Шевченко вызывал у Макшеева почтительное любопытство. В среде петербургских офицеров с гуманным, как тогда говорили, направлением ума (а Макшеев причислял себя к ним) сочувственно отзывались об авторе “Кобзаря” и ученике великого Брюллова. Слыхал штабс-капитан и о тайном киевском обществе, в котором состоял Шевченко, и о приговоре, утвержденном государем. Столь жесткой меры Макшеев не одобрял. Однако в Оренбурге при решении вопроса о зачислении Шевченко в ученую экспедицию штабс-капитан благоразумия ради помалкивал. Теперь же ему хотелось порадеть ссыльному.
Штабс-капитан предложил Шевченко стол и кров. Это было заманчиво – рачительный “академик” располагал собственной кибиткой и собственным запасом продовольствия. Но Шевченко согласился не сразу, офицеров он не любил. Макшеев рассчитывал на благодарность, отчужденность Шевченко его задела. Он, однако, повторил приглашение, и Тарас Григорьевич, полагая, что “академик” Макшеев все же не чета гарнизонной “официи”, воспользовался и кибиткой и провизией.
Вместе одолели они полторы тысячи верст степью и пустыней, вместе зажили в Раиме. Но вчера лейтенант Бутаков приказал перебираться па шхуну, и житью раимскому подходил конец.
3
У каждой реки свой нрав. Язычница Конго долго теснит зеленоватую Атлантику; Макензи с индейским презрением плюет ржавой глинистой пеной на голубоватые льдины Полярного океана; Сыр-Дарья угасает в Аральском море медленно, с равнодушием магометанина.
Бурая полоса сыр-дарьинской воды, богатой илом, как богат им священный Ганг, далеко простирается в море. Широкая, густая коричневатая полоса эта истончается постепенно. Когда держишь в море из устья Сыр-Дарьи, за кормою судна ложится светлый коридор. Он все просторнее и все голубее, впереди же по курсу восторженно блещет аральская синь. Встречи с нею ждешь, по переход рубежа всегда внезапным и, перегнувшись за борт, вдруг видишь, что коричневых вон уже нет, а есть волны как бутылочное стекло, насквозь, до песчаного грунта, пронизанные солнцем. А вдали – все та же ликующая синь.
Июльским днем 1818 года этот рубеж пересекла шхуна “Константин”, на мачте которой потрескивал брейд-вымпел – стремительный узкий флажок с двумя косицами и андреевским крестом.
Бутаков не любовался Аралом.

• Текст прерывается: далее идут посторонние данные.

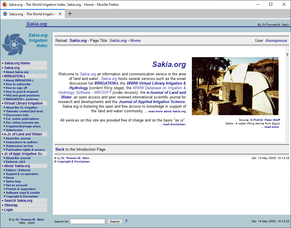 In 2001 and 2002, initial preparations were undertaken, and in 2003 a renewed attempt was made to reactivate the services. Significant time and funding were invested in rebuilding Sakia.org. A dedicated, stand-alone server was established, allowing the independent continuation of services for the agricultural water and irrigation community. In October 2003, the first Sakia.org modules were launched and released to the public.

И красивая игра солнечных лучей в волнах тоже его не прельщала. Глубины были малые, ничего не стоило плюхнуться на мель или выскочить на камни. Да к тому же и ветер, черт его дери, задувал с разных румбов и приходилось беспрестанно лавировать.
А между тем граница илистой Сыр-Дарьи и прозрачного Аральского моря была в некотором смысле и границей в его, лейтенанта Бутакова, жизни. Именно теперь, именно здесь начиналось нечто совсем новое, на прежнее не похожее…
Бутаков еще гардемарином мечтал о кругосветном походе. Он считал, что “кругосветка” необходима флотскому офицеру так же, как живописцу или музыканту необходима поездка в Италию. В сороковом году его назначили старшим офицером транспорта “Або”. Парусник отправился из Кронштадта в Петропавловск-на-Камчатке и два года спустя воротился на Малый кронштадтский рейд. Тут полагалось бы к этому “воротился” прилепить “счастливо”. Увы, кругосветный поход “Або” был, пожалуй, самым злосчастным в череде русских дальних плавании. Не ураган в Индийском океане, не бури в Великом или Тихом, не штормы у мыса Горн были тому причиною, а белобрысый мокрогубый капитан-лейтенант Юнкер, командир корабля.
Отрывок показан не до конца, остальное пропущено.